Film Forum: The Fellowship of the Raves
Critics grope for superlatives for The Fellowship of the Ring. Plus: Vanilla Sky and Not Another Teen Movie.
Jeffrey Overstreet | posted 12/01/2001 12:00AM
Merry Christmas, readers and moviegoers. It would be good, in these days of frenzied merchandizing, to remember the words of J.R.R. Tolkien, which he included in a letter to his son Michael in 1962: "Well here comes Christmas! That astonishing thing that no 'commercialism' can in fact defile—unless you let it."
Hot from the OvenSpeaking of Tolkien, Christmas, and commercialism, you may have already noticed the flood of Hobbit-related toys, trinkets, T-shirts, soundtracks, posters, and Burger King glass goblets that are helping to hype the long-awaited movie trilogy. (Collectors, take note: The ring used in the movie is currently available on a German eBay site, winning an early bid of $46,000.) New Line Cinema has a lot riding on the success of The Lord of the Rings The Fellowship of the Ring, which opened this week. They're determined to convince you that one movie rules them all.
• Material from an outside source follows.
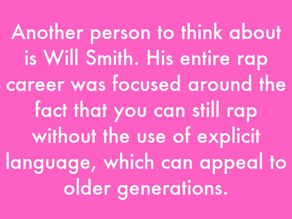 Another person to think about is Will Smith. His entire rap career was focused around the fact that you can still rap without the use of explicit language, which can appeal to older generations.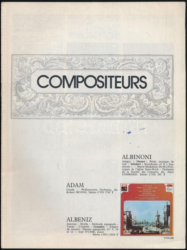 Compositeurs c. nyomtatvány, borító nélkül, benne 16 db többségében zenészek, éenekesek, karmesterek aláírásával, közte Yehudi Menuhin (1916-1999)(2x), Daniel Barenboim (1942-) karmester, Michel Béroff (1950-) zongorista, Helen Donath (1940-) énekesnő, és mások aláírásaival.

They needn't worry. In a what many people have called one of the worst movie years in recent memory, critics almost unanimously agree that Fellowship is one of the best, if not the best, cinematic experience of the year. Film enthusiasts invoke revered titles like The Empire Strikes Back, Raiders of the Lost Ark, and even Lawrence of Arabia in their comparisons. Perhaps Tolkien would have been pleased. He confided to his publisher in 1957: "I should welcome the idea of a … motion picture, with all the risk of vulgarization; and that quite apart from the glint of money, though on the brink of retirement that is not an unpleasant possibility." If he were still with us, he would stand to receive some hefty box office percentages.
Stephanie Zacharek at Salon.com struggles for the right superlatives: "The most heartbreaking thing about faithful moviegoing is that awe, beauty and excitement, three of the things we go to the movies for, are the very things we're cheated of the most. The great wonder of The Fellowship … is that it bathes us in all three, to the point where we remember—in a vague, pleasurably hallucinatory sensation from another lifetime—why we go to the movies in the first place. It would be an insult to say the picture merely lives up to its hype; it crashes the meaning of hype, exposing it as the graven image it is. Advertising is dead: Long live moviemaking."
"The film does full justice to Tolkien," says Christopher Tookey (Daily Mail). He calls the film "a landmark in cinema, an awesome feat of imagination and daring. Critics who gave five-star ratings to … [the] uninspired Harry Potter movie are going to have to find ten if they are to do justice to The Fellowship. Here is landscape photography of a grandeur and emotional resonance that we haven't witnessed in the cinema since John Ford revolutionised the western or David Lean took to the desert in Lawrence of Arabia. The movie has a mythic grandeur and a profound understanding of human corruptibility that makes the Star Wars movies look like kids' stuff."
Christopher Howse (Telegraph) calls it "easily the most impressive fantasy film ever made—at least until next Christmas."
David Denby (The New Yorker) registers a few complaints: "Too many blackened caverns … too much chanting by a male chorus on the soundtrack. The movie … repeats itself more often than a talkative cabbie driving out to the nether regions of Middle-Brooklyn." But after that complaint, he joins the applause anyway: "I have to admit that I capitulated soon enough. Once it gets going … [the movie] is consistently beautiful and often exciting … surely the best big-budget fantasy movie in years."